> [Brief]: Transcribe the entries that come next exactly, but not the pictures they contain.

──────── Provided data

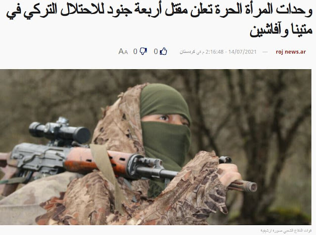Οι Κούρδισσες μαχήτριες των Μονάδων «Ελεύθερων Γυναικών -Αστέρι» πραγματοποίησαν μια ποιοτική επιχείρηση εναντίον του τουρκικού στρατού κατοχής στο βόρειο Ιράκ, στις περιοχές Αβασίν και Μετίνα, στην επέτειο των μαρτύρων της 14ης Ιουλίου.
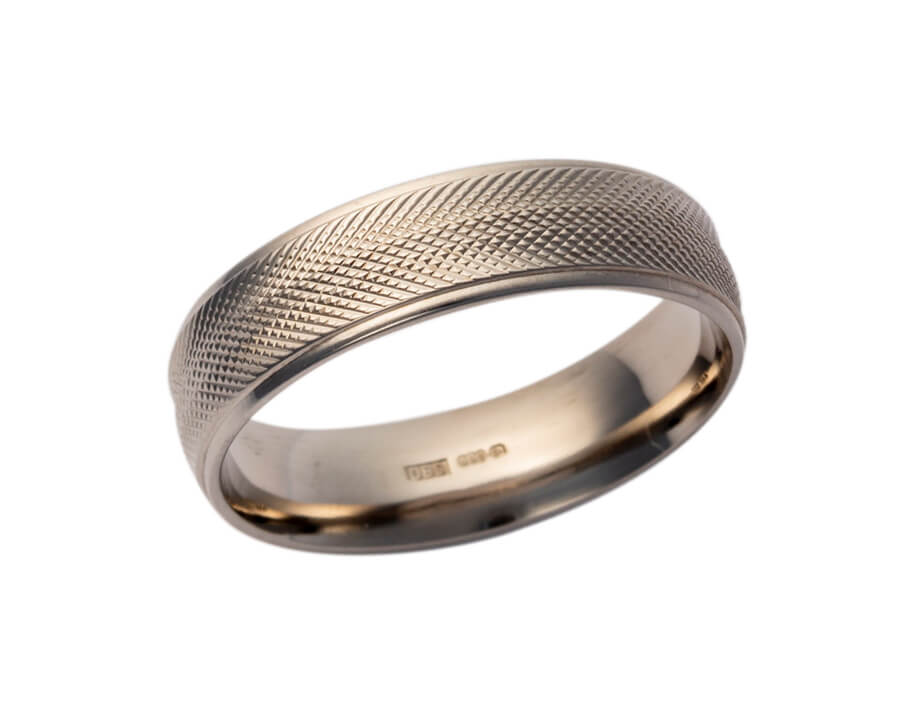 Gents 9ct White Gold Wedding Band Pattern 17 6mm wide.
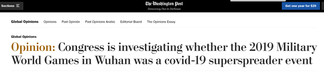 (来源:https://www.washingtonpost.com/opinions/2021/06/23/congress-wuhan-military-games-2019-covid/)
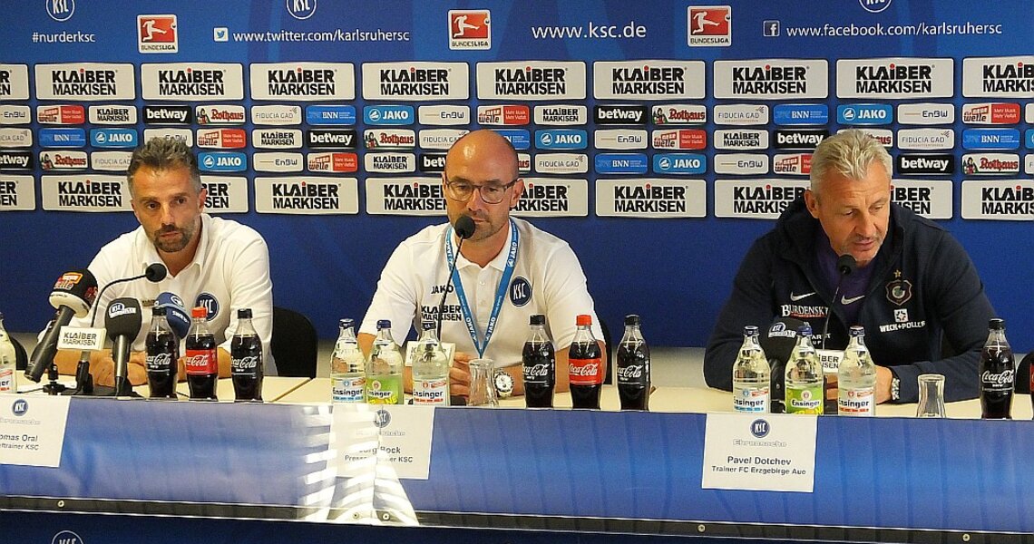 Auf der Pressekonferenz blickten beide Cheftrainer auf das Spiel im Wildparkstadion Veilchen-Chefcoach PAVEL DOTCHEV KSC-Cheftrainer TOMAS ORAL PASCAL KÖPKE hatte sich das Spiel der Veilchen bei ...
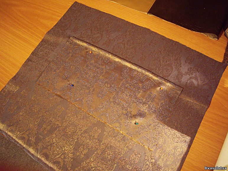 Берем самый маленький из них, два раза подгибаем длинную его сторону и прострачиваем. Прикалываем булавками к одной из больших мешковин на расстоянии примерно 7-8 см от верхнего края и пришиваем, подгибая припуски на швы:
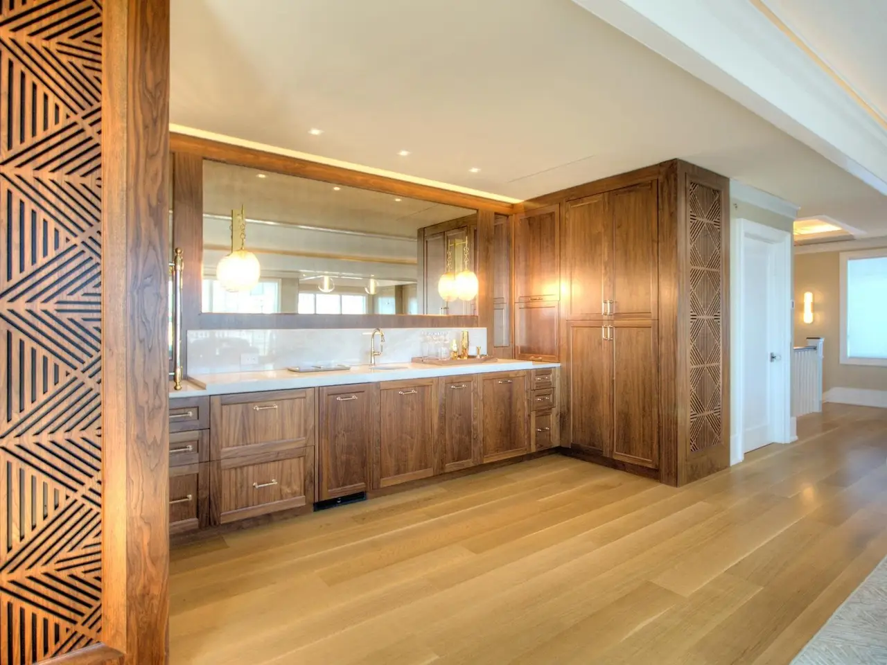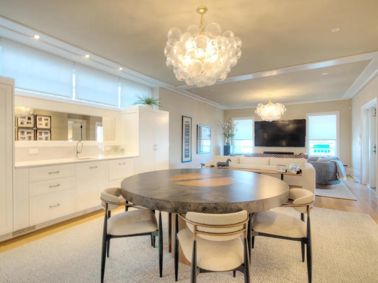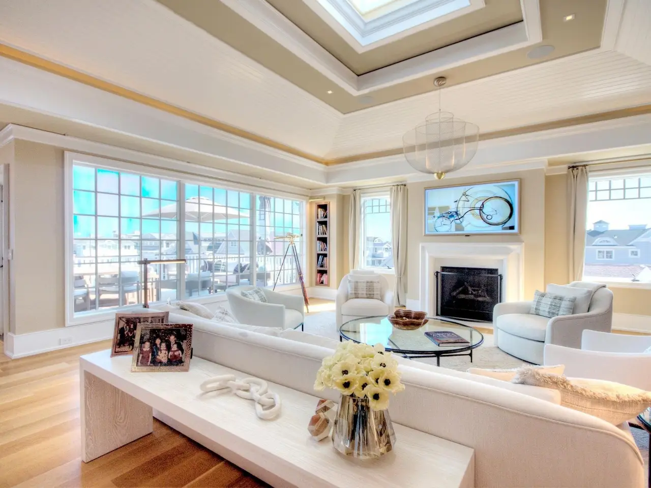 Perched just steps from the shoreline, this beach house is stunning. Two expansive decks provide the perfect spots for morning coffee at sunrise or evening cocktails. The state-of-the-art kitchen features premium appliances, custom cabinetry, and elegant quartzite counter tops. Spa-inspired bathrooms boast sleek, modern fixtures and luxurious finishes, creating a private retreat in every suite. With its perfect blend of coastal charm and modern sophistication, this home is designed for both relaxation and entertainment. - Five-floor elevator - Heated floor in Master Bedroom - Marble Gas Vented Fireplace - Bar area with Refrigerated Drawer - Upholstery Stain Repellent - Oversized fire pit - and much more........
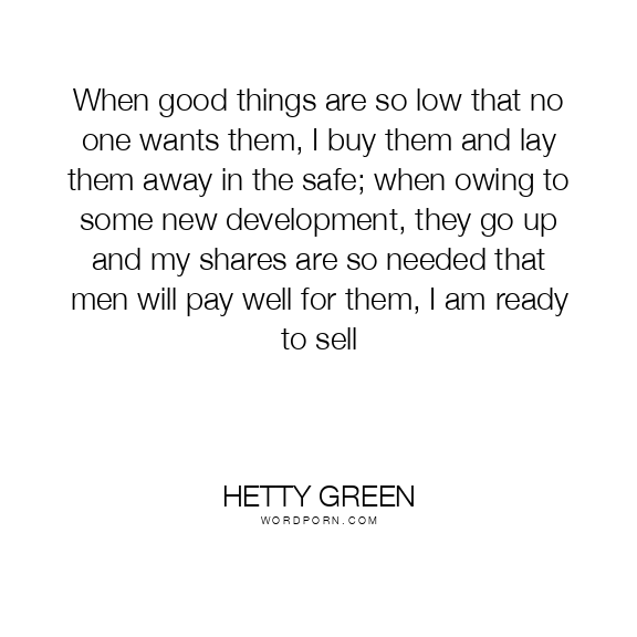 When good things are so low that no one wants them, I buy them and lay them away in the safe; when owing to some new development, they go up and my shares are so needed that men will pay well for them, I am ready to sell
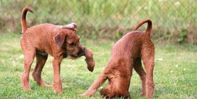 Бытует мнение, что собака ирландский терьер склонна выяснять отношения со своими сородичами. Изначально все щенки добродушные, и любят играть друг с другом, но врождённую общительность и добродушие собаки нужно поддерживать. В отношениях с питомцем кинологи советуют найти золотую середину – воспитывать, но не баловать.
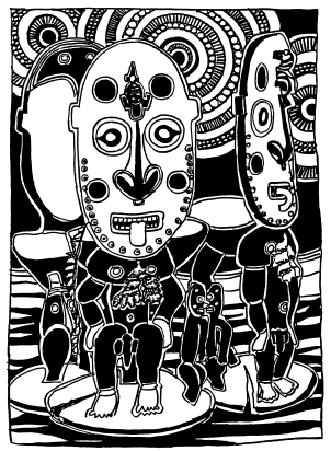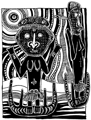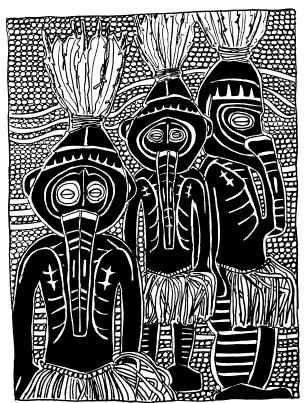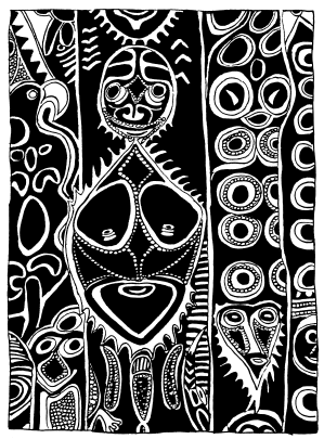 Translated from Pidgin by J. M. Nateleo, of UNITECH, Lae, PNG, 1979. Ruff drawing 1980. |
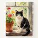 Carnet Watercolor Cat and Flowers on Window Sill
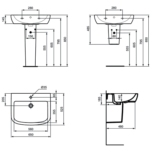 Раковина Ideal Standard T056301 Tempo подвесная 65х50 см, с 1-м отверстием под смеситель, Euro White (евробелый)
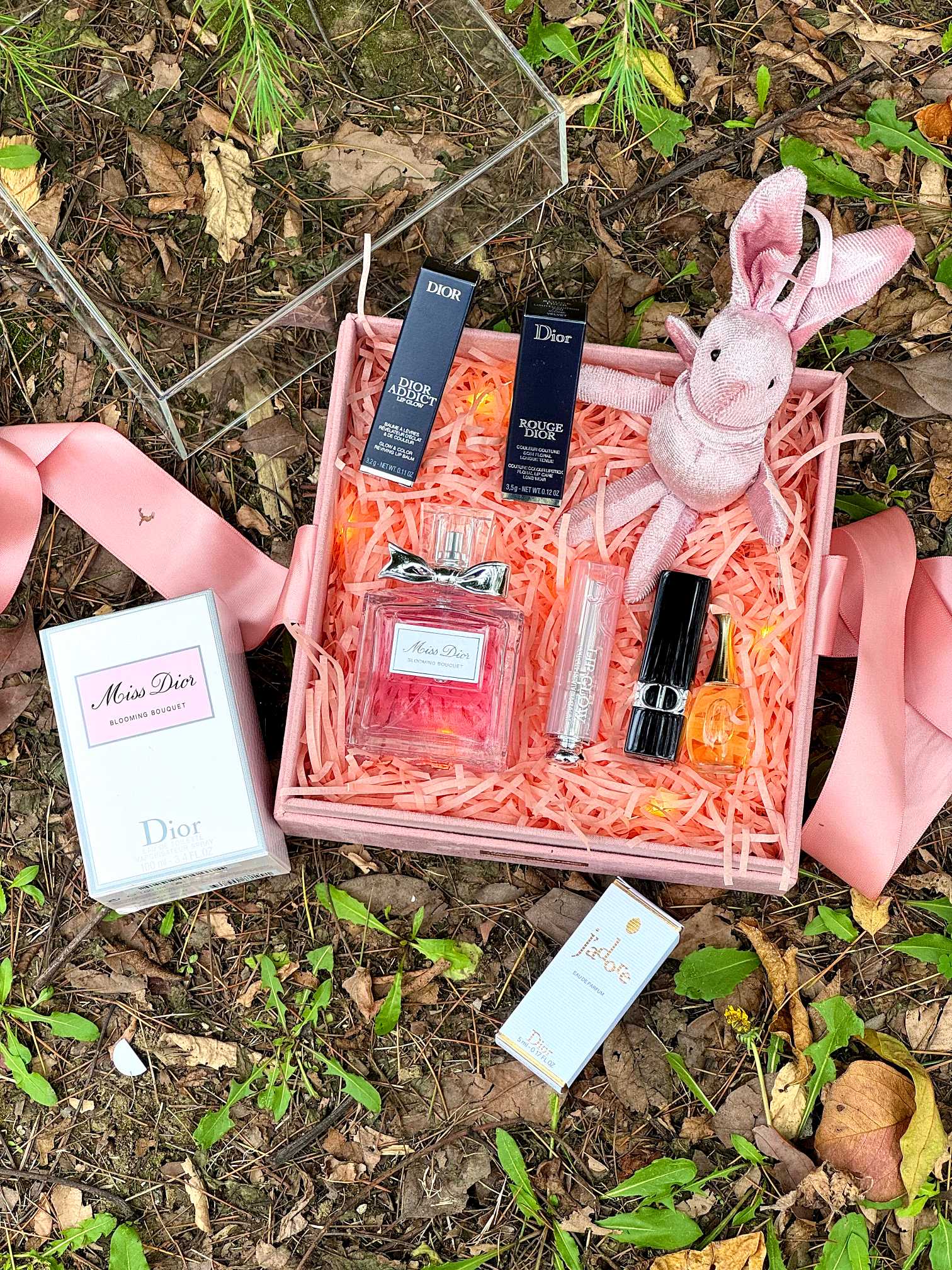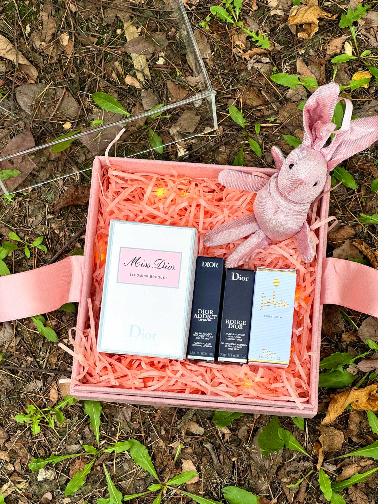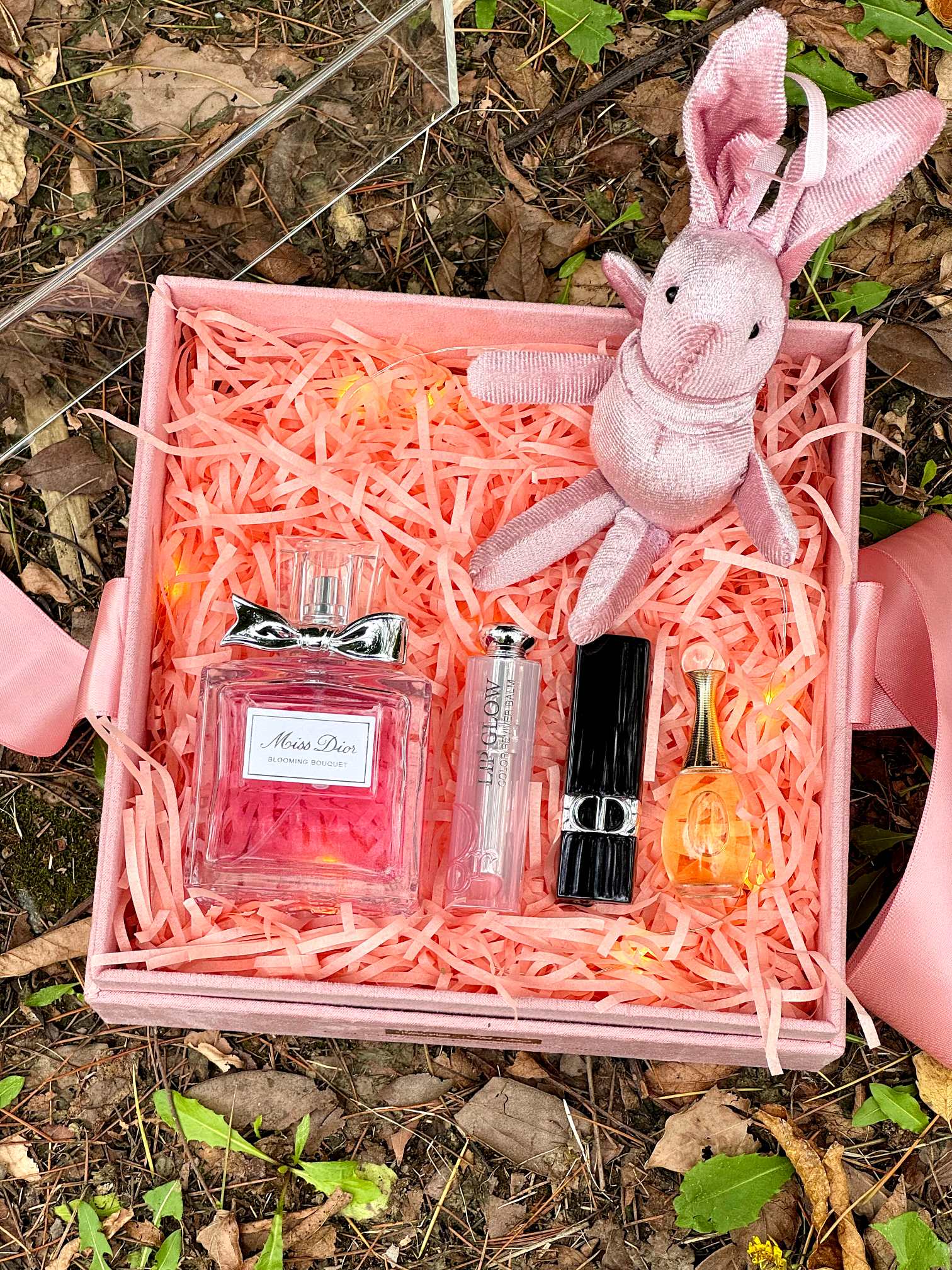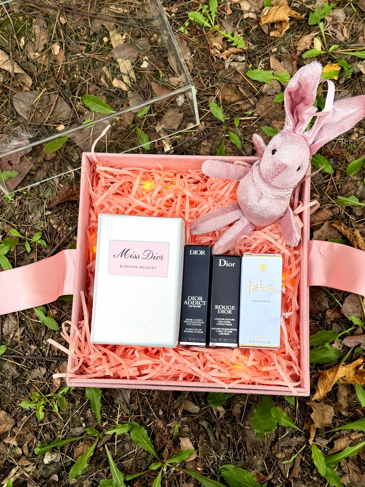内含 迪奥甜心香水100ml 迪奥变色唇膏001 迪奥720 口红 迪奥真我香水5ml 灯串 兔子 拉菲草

────────────────

> [Solution]:
Οι Κούρδισσες μαχήτριες των Μονάδων «Ελεύθερων Γυναικών -Αστέρι» πραγματοποίησαν μια ποιοτική επιχείρηση εναντίον του τουρκικού στρατού κατοχής στο βόρειο Ιράκ, στις περιοχές Αβασίν και Μετίνα, στην επέτειο των μαρτύρων της 14ης Ιουλίου.
 Gents 9ct White Gold Wedding Band Pattern 17 6mm wide.
 (来源:https://www.washingtonpost.com/opinions/2021/06/23/congress-wuhan-military-games-2019-covid/)
 Auf der Pressekonferenz blickten beide Cheftrainer auf das Spiel im Wildparkstadion Veilchen-Chefcoach PAVEL DOTCHEV KSC-Cheftrainer TOMAS ORAL PASCAL KÖPKE hatte sich das Spiel der Veilchen bei ...
 Берем самый маленький из них, два раза подгибаем длинную его сторону и прострачиваем. Прикалываем булавками к одной из больших мешковин на расстоянии примерно 7-8 см от верхнего края и пришиваем, подгибая припуски на швы:
 Perched just steps from the shoreline, this beach house is stunning. Two expansive decks provide the perfect spots for morning coffee at sunrise or evening cocktails. The state-of-the-art kitchen features premium appliances, custom cabinetry, and elegant quartzite counter tops. Spa-inspired bathrooms boast sleek, modern fixtures and luxurious finishes, creating a private retreat in every suite. With its perfect blend of coastal charm and modern sophistication, this home is designed for both relaxation and entertainment. - Five-floor elevator - Heated floor in Master Bedroom - Marble Gas Vented Fireplace - Bar area with Refrigerated Drawer - Upholstery Stain Repellent - Oversized fire pit - and much more........
 When good things are so low that no one wants them, I buy them and lay them away in the safe; when owing to some new development, they go up and my shares are so needed that men will pay well for them, I am ready to sell
 Бытует мнение, что собака ирландский терьер склонна выяснять отношения со своими сородичами. Изначально все щенки добродушные, и любят играть друг с другом, но врождённую общительность и добродушие собаки нужно поддерживать. В отношениях с питомцем кинологи советуют найти золотую середину – воспитывать, но не баловать.
 Translated from Pidgin by J. M. Nateleo, of UNITECH, Lae, PNG, 1979. Ruff drawing 1980. |
 Carnet Watercolor Cat and Flowers on Window Sill
 Раковина Ideal Standard T056301 Tempo подвесная 65х50 см, с 1-м отверстием под смеситель, Euro White (евробелый)
内含 迪奥甜心香水100ml 迪奥变色唇膏001 迪奥720 口红 迪奥真我香水5ml 灯串 兔子 拉菲草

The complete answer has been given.